Direct Mail copywriters will produce a lot of emails that are dropped into company templates, so their focus is on persuasive writing that drives click through rates. Work in ad agencies is concept driven, you are not employed for your writing ability but for your skill at coming up with ideas. Copywriters come in all shapes and sizes.

What are key characteristics of very good copywriters?
- Persistent – You will be constantly asked to write about subjects you have absolutely no knowledge of. You’ll have to do research. The only way to spill content onto a page is if you have soaked up knowledge from somewhere else. And if you are happy with the first thing you find, it is not going to be very original, a million other people will have found the same thing. Keep going, keep looking until you know more than your client about the subject. If you can surprise them, you can definitely surprise their customer with new information, of even the same information presented in a new way.

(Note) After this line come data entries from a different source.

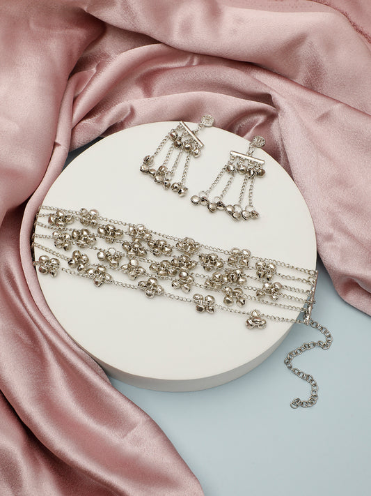 VIVAZS Silver- Plated Oxidised Ghungaroo Jewellery Set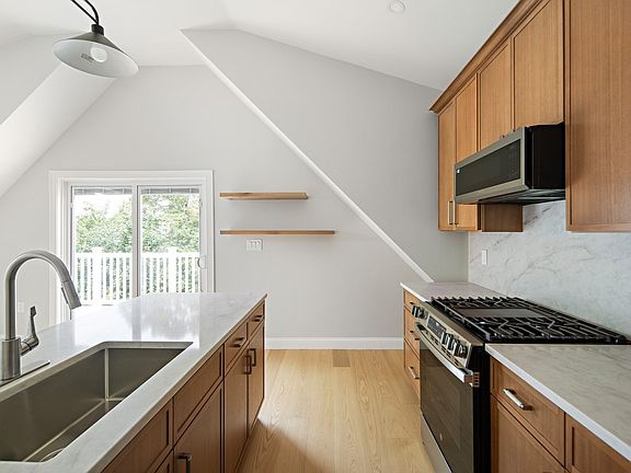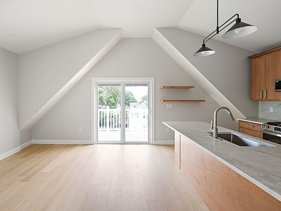 Penthouse 3-bed, 2-bath apartment combining style and convenience. Fully renovated with soaring ceilings, recessed lighting, and a bright open living/dining area ideal for entertaining or relaxing. The chef-inspired kitchen features quartz counters, stainless appliances, and custom wood cabinetry with floating shelves. Two full baths showcase contemporary tile and sleek fixtures. Three spacious bedrooms provide generous closet space. Enjoy central A/C, efficient gas heat, and in-unit laundry. One private parking space included. Just minutes to Constitution Beach, Wood Island Blue Line, and quick highway access for an easy commute to downtown Boston.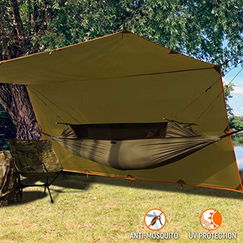 FREE SOLDIER Tactische hangmat voor 2 personen, lichte waterdichte draagbare schommel met klamboe, regenvliegtent, zeil…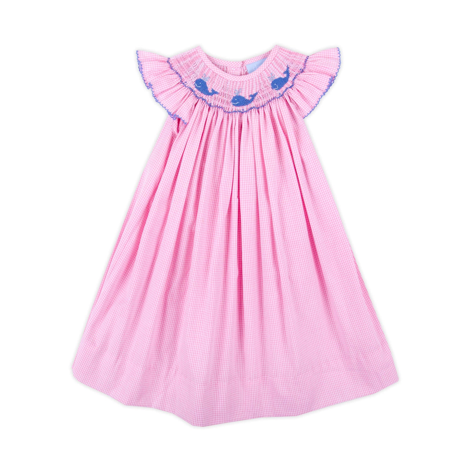 Aquatic Whale Pink Gingham Smocked Angel Sleeve Dress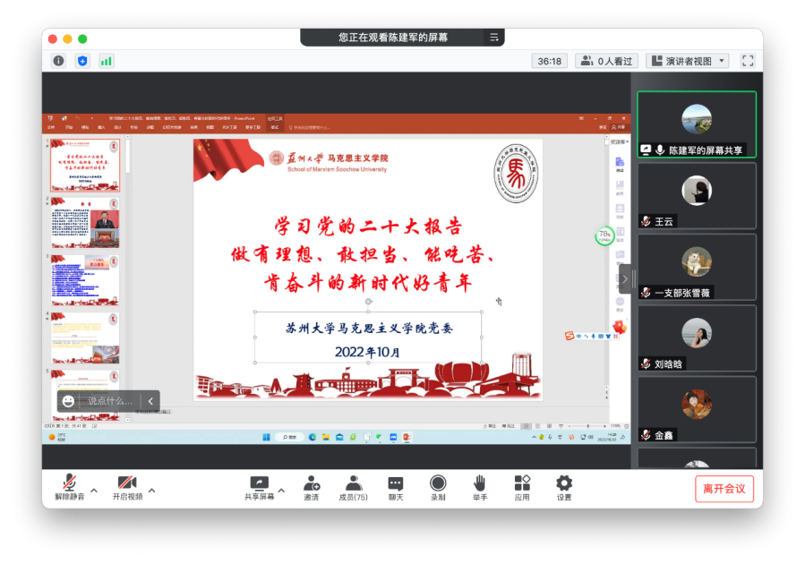陈建军书记为全体学员和2022级新生党员讲授专题党课。他以“学习党的二十大报告 做有理想、敢担当、能吃苦、肯奋斗的新时代好青年”为题展开授课。陈书记首先梳理了党的二十大报告中提出的十五个要点,具体阐解释了中国式现代化的五个特色和本质要求、全面建设社会主义现代化国家的内在要求和战略要求等要点。陈书记强调,各位学员要树立崇高的理想信念和正确的奋斗目标,拥有奉献精神,全心全意办好事、干实事,在各方面发挥先锋模范作用。最后,他希望各位学员以能够加入中国共产党为傲,时刻牢记党员身份,自觉弘扬优良传统,践行强国目标。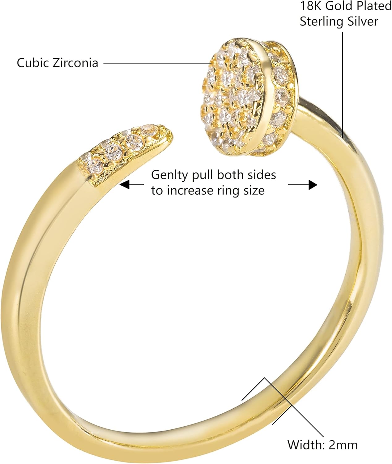 18K Gold Plated Sterling Silver Pave Open Nailed It Ring Stackable Wedding Band with Cubic Zirconia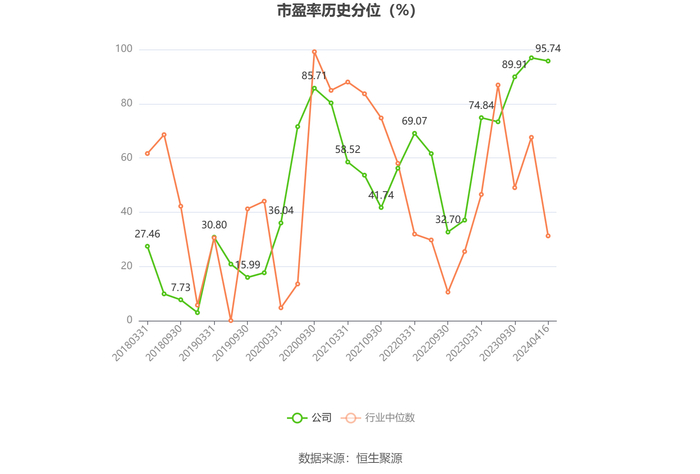 市盈率为负时,不显示当期分位数,会导致折线图中断。

- Attention to detail – I make mistakes all the time. When I am writing a draft, I am more concerned about getting the words down on paper. I kind of blurt everything out before I forget what I want to say. Then I look back and can see lots of squiggly red lines on the document that pinpoint my mistakes. I have learned to my cost that spellcheck will not pick up everything. I now triple-check, line-by-line to find the little mistakes. Then I read the piece out loud – that helps me with tone and rhythm of the text. After I have done all that, I use a trick learned from a proof-reader I knew and read the text backwards word by word. When you read something over and over again you become blind to what is actually on the page. Reading it backwards makes you look at every single word.
- Self-motivated – You’ll spend many hours, sitting at a keyboard, looking at a blinking cursor, flashing on a blank page. You can brainstorm ideas with other people but writing is a solitary task. You have to have the will to push on, find inspiration within yourself to complete a job. People will not be shy when it comes to telling you whether they like your copy or not but it will be down to you to write it. Some people find that difficult. Others thrive on it, are excited by it.
- Inventive – Who wants to read the same thing? It’s boring right? The consumer knows it and the writer. Creativity is a skill that is useful in many careers but is an essential skill for a copywriter. You are going to be asked to write about something other writers have already covered extensively. Heck, you might have already written about it yourself. You have to put a new spin on it. The good news is you can learn to be more creative. It is practise, the more you write, the more confidence you will gain.
- Thick-skinned – This is a skill that most people don’t think of. Every writer is faced with a lot of criticism and rejection, it’s part of the job. Every piece of text you produce will be judged. Reviews and re-writes are common. You can put your heart and soul into something, think you’ve done a great job and then have it thrown back in your face. Now that will usually only happen if there has been some mis-communication between you and your client about what you want to achieve. But is happens. A professional copywriter has to take it on the chin, review and reset and start writing again.
Copywriting is a great job. You can be your own boss, you get to work on all kinds of projects, constantly learning new things. Writers struggle to make money, copywriters do not. Understanding people, how they tick and what motivates them is the greatest skill a copywriter needs. That doesn’t come out of a book, it comes from observation.
My own daughter became a copywriter without any experience or help from me. She liked to write (maybe I helped there) and that was all she needed. Straight out of school she went into a digital agency – got a trial, aced it, then got briefs every to write blog posts. Much more profitable than waiting tables.